The RegularExpression Assembly

The regexp classes are contained in the System.Text.RegularExpressions.dll assembly, and you will have to reference the assembly at compile time in order to build your application. For example: csc /r:System.Text.RegularExpressions.dll foo.cs will build the foo.exe assembly, with a reference to the System.Text.RegularExpressions assembly.

A Brief Overview of the Namespace

There are actually only six classes and one delegate definition in the assembly namespace. These are:

Capture: Contains the results of a single match

CaptureCollection: A sequence of Capture's

Group: The result of a single group capture, inherits from Capture

Match: The result of a single expression match, inherits from Group

MatchCollection: A sequence of Match's

MatchEvaluator: A delegate for use during replacement operations

Regex: An instance of a compiled regular expression

The Regex class also contains several static methods:

Escape: Escapes regex metacharacters within a string

IsMatch: Methods return a boolean result if the supplied regular expression matches within the string

Match: Methods return Match instance

Matches: Methods return a list of Match as a collection

Replace: Methods that replace the matched regular expressions with replacement strings

Split: Methods return an array of strings determined by the expression

Unescape: Unescapes any escaped characters within a string

Simple Matches

Let's start with simple expressions using the Regex and the Match class.

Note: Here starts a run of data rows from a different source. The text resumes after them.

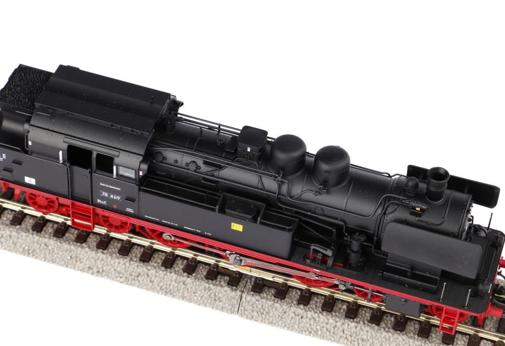 Endlich kommt eine zeitgemäße Ablösung der sehr beliebten und früher weitverbreiteten BR 78 in Form einer Neukonstruktion aus dem Hause PIKO – und mit ihr die erste Dampflok in der Produktlinie Expert. Das Modell hängt den etablierten Standard des Expert-Sortiments noch etwas höher. Nahezu alle Leitungen wurden freistehend ausgeführt, Führerhaus, Wasserkästen und Rauchkammer zieren feinste Nachbildungen der Nietköpfe. Radsatzsterne und Steuerung konnten durch die verwendeten Materialien höchst filigran ausgeführt werden. Für ausgezeichnete Fahreigenschaften sorgt der fünfpolige PIKO Motor mit Schwungmasse. Zusatzgewichte im Kessel und zwei Haftreifen sorgen für eine hohe Zugkraft. Ab Werk ist ein PIKO SmartDecoder 4.1 mit mfx-Fähigkeit eingebaut. Ebenfalls mit minimalem Aufwand können nachträglich ein Lautsprecher und ein Rauchsatz eingebaut werden. Für authentische Betriebsstimmung sorgt die fahrtrichtungsabhängige Beleuchtung in LED-Ausführung. Bremsschläuche zum Nachrüsten liegen bei.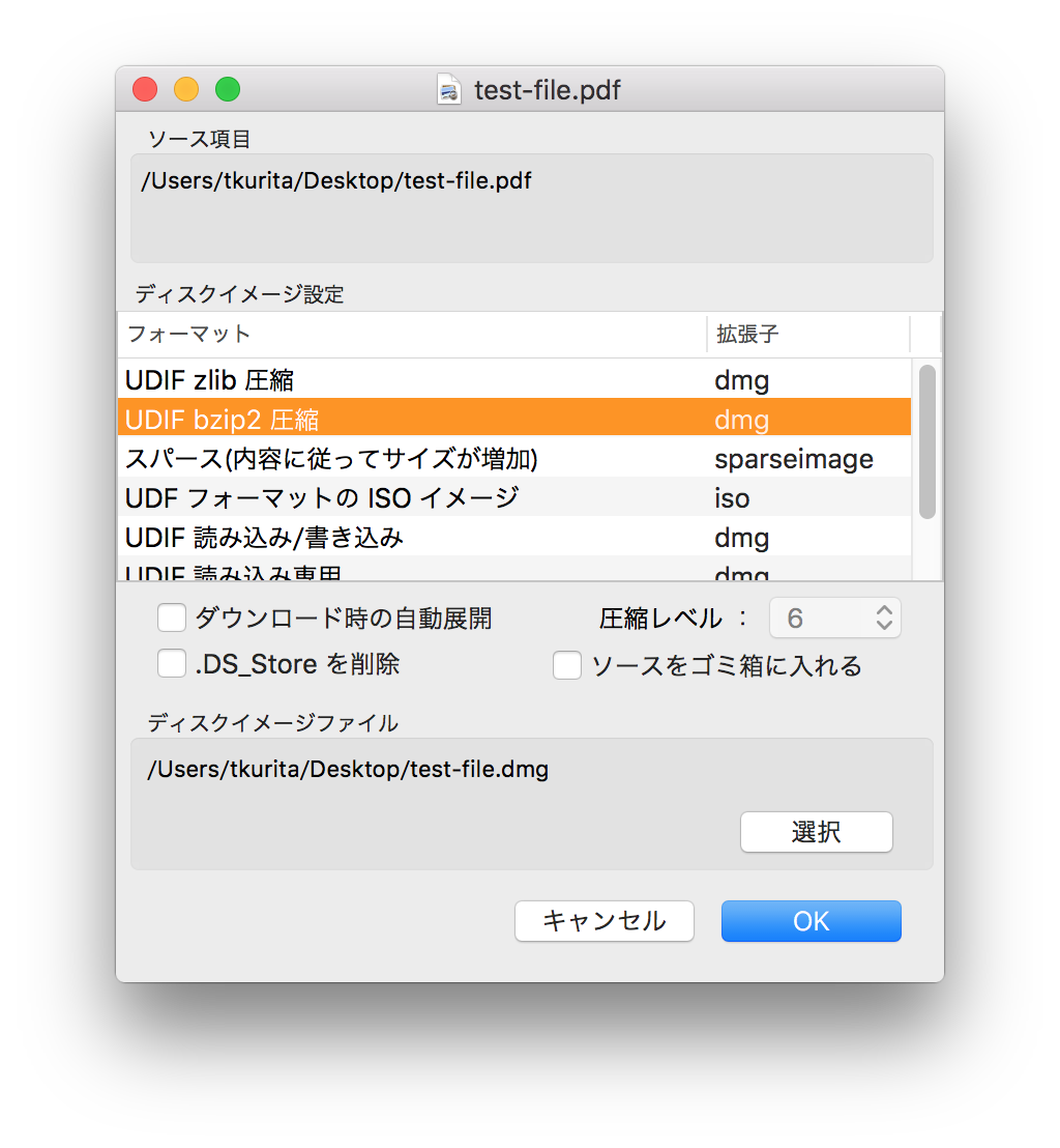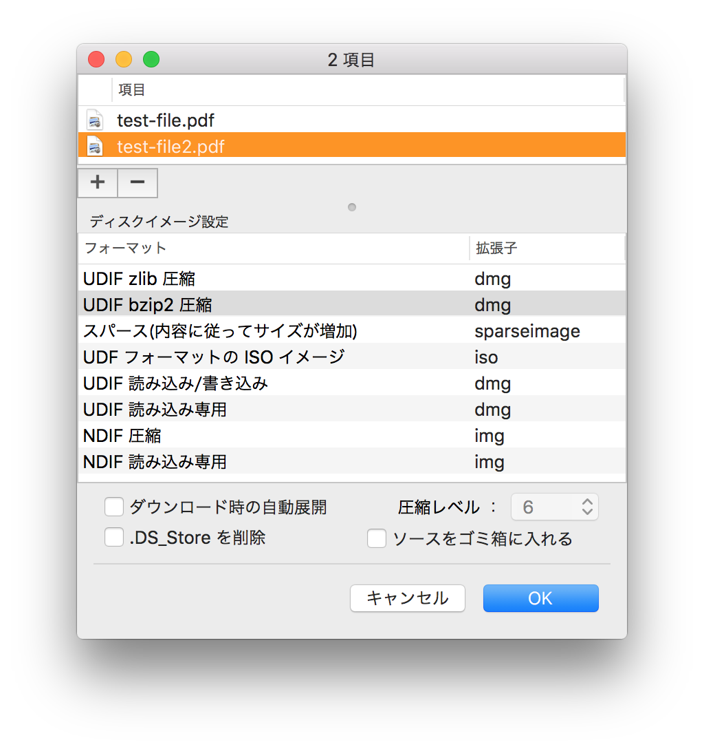 - 「UDIF zlib 圧縮 」でディスクイメージを作成する際の圧縮レベルを設定します。数が大きいほど圧縮レベルが高く(ディスクイメージのサイズが小さく)なります。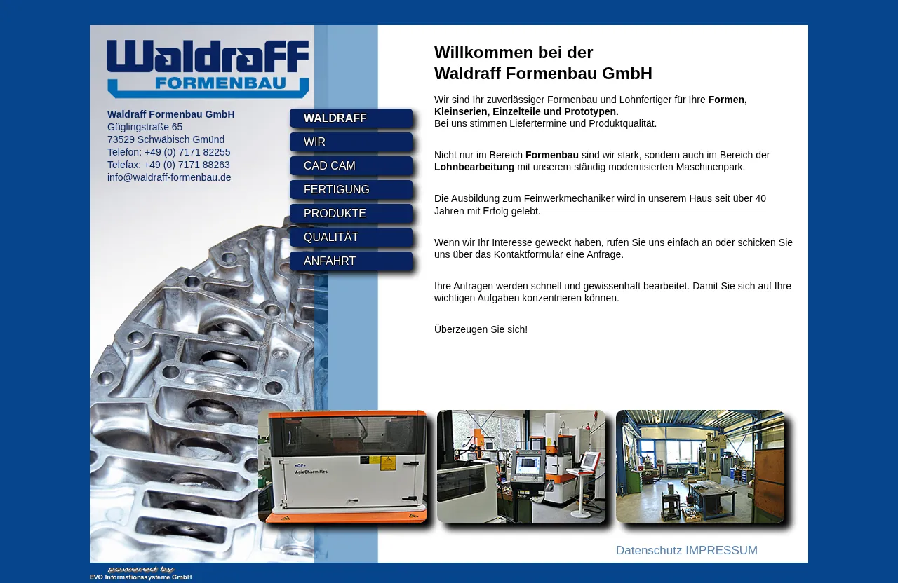 Waldraff Formenbau GmbH is a specialized provider of mold making and contract manufacturing services based in Schwäbisch Gmünd, Germany. The company produces molds, small-batch runs, individual components, and prototypes to precise technical specifications. With a legacy of over 40 years in precision mechanical engineering and vocational training, they emphasize a commitment to high product quality and reliable delivery timelines. Their facility utilizes modern machinery to maintain high standards across all manufacturing processes. Clients receive dedicated support throughout the project inquiry and production lifecycle.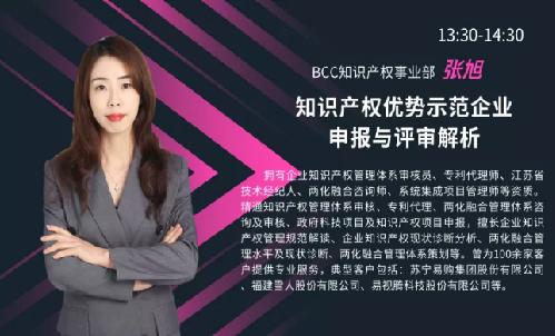 活動在BCC知識產(chǎn)權(quán)事業(yè)部總經(jīng)理侯璐瑤的精彩介紹中拉開帷幕。半個小時的活動預(yù)熱環(huán)節(jié)中,侯璐瑤對BCC的各項(xiàng)業(yè)務(wù)以及本次活動的講師進(jìn)行了簡短的介紹,并宣傳了疫情期間推出的認(rèn)證費(fèi)用減免政策,表達(dá)了我們對依托自身專業(yè)服務(wù)能力,為客戶進(jìn)行知識產(chǎn)權(quán)管理帶來更大的幫助的信心。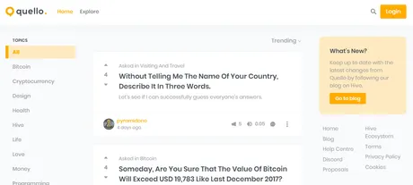 Quello is a decentralized question and answer platform based on Hive where you can earn money (or cryptocurrency) just by posting questions and answers. Or you can just say, Quello, is a question-answer platform(Dapp) developed for Hive blockchain, that pays you with Hive tokens for answering people's questions.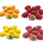 Amêndoas cobertas com chocolate branco e sabores a: laranja, limão, framboesa e morango.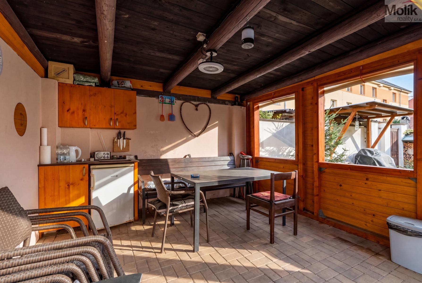 Dům je z větší části podsklepen (cca ze 2/3), což nabízí dostatek úložných prostor či možnost dalšího využití. Součástí nemovitosti je udržovaná zahrada o výměře 190 m2, která poskytuje příjemné zázemí pro odpočinek i rodinné aktivity. Nachází se zde pergola k posezení a venkovní bazén, ideální pro relaxaci v letních měsících. Další výhodou je praktické zázemí domu nachází se zde dílna o výměře 13 m and sup2; a samostatná místnost pro ukládání kol, což ocení zejména rodiny či zájemci s potřebou dostatečných úložných prostor. Střešní krytina je řešena asfaltovým (bitumenovým) šindelem.

    Match m = Regex.Match("abracadabra", "(a|b|r)+");

You now have an instance of a Match that can be tested for success, as in:

    if (m.Success)
	...

without even looking at the contents of the matched string.

If you wanted to use the matched string, you can simply convert it to a string:

    Console.WriteLine("Match="+m.ToString());

This example gives us the output:

Match=abra

which is the amount of the string that has been successfully matched.

Replacing Strings

Simple string replacements are very straightforward. For example, the statement:

  string s = Regex.Replace("abracadabra", "abra", "zzzz");

returns the string zzzzcadzzzz, in which all occurrences of the matching pattern are replaced by the replacement string zzzzz.

Now let's look at a more complex expression:

  string s = Regex.Replace("  abra  ", @"^\s*(.*?)\s*$", "$1");

This returns the string abra, with preceeding and trailing spaces removed.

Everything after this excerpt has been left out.